Assignment. This exercise calls for the whole listing to be given again exactly, without images.

Information shown.

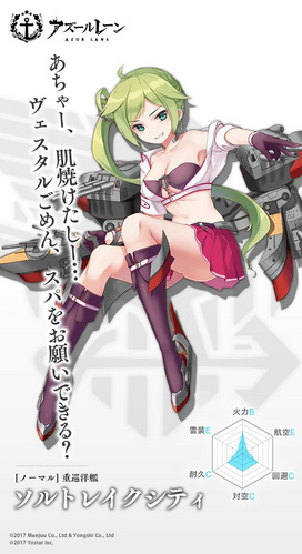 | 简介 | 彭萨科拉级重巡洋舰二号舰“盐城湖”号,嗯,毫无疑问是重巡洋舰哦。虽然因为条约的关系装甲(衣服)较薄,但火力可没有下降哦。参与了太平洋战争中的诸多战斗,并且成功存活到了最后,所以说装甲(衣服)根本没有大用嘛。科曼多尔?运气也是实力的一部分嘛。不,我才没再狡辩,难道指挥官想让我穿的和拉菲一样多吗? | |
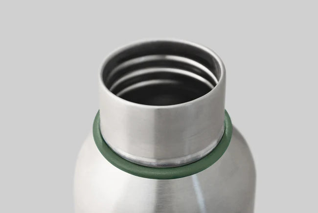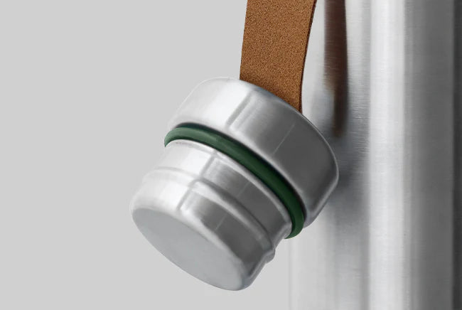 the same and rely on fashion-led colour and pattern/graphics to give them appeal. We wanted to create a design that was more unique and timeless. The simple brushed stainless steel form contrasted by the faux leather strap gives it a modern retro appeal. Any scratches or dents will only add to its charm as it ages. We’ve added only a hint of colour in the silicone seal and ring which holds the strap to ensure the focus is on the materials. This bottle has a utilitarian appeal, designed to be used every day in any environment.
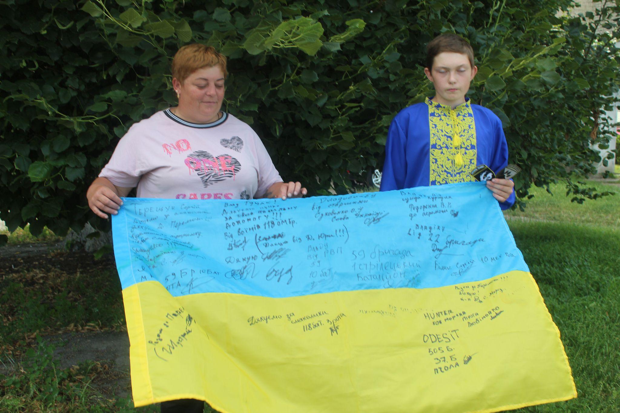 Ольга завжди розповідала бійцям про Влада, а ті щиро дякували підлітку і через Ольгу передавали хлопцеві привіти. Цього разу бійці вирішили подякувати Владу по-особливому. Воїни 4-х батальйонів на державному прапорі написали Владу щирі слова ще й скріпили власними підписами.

Answer to the problem.
 | 简介 | 彭萨科拉级重巡洋舰二号舰“盐城湖”号,嗯,毫无疑问是重巡洋舰哦。虽然因为条约的关系装甲(衣服)较薄,但火力可没有下降哦。参与了太平洋战争中的诸多战斗,并且成功存活到了最后,所以说装甲(衣服)根本没有大用嘛。科曼多尔?运气也是实力的一部分嘛。不,我才没再狡辩,难道指挥官想让我穿的和拉菲一样多吗? | |
 the same and rely on fashion-led colour and pattern/graphics to give them appeal. We wanted to create a design that was more unique and timeless. The simple brushed stainless steel form contrasted by the faux leather strap gives it a modern retro appeal. Any scratches or dents will only add to its charm as it ages. We’ve added only a hint of colour in the silicone seal and ring which holds the strap to ensure the focus is on the materials. This bottle has a utilitarian appeal, designed to be used every day in any environment.
 Ольга завжди розповідала бійцям про Влада, а ті щиро дякували підлітку і через Ольгу передавали хлопцеві привіти. Цього разу бійці вирішили подякувати Владу по-особливому. Воїни 4-х батальйонів на державному прапорі написали Владу щирі слова ще й скріпили власними підписами.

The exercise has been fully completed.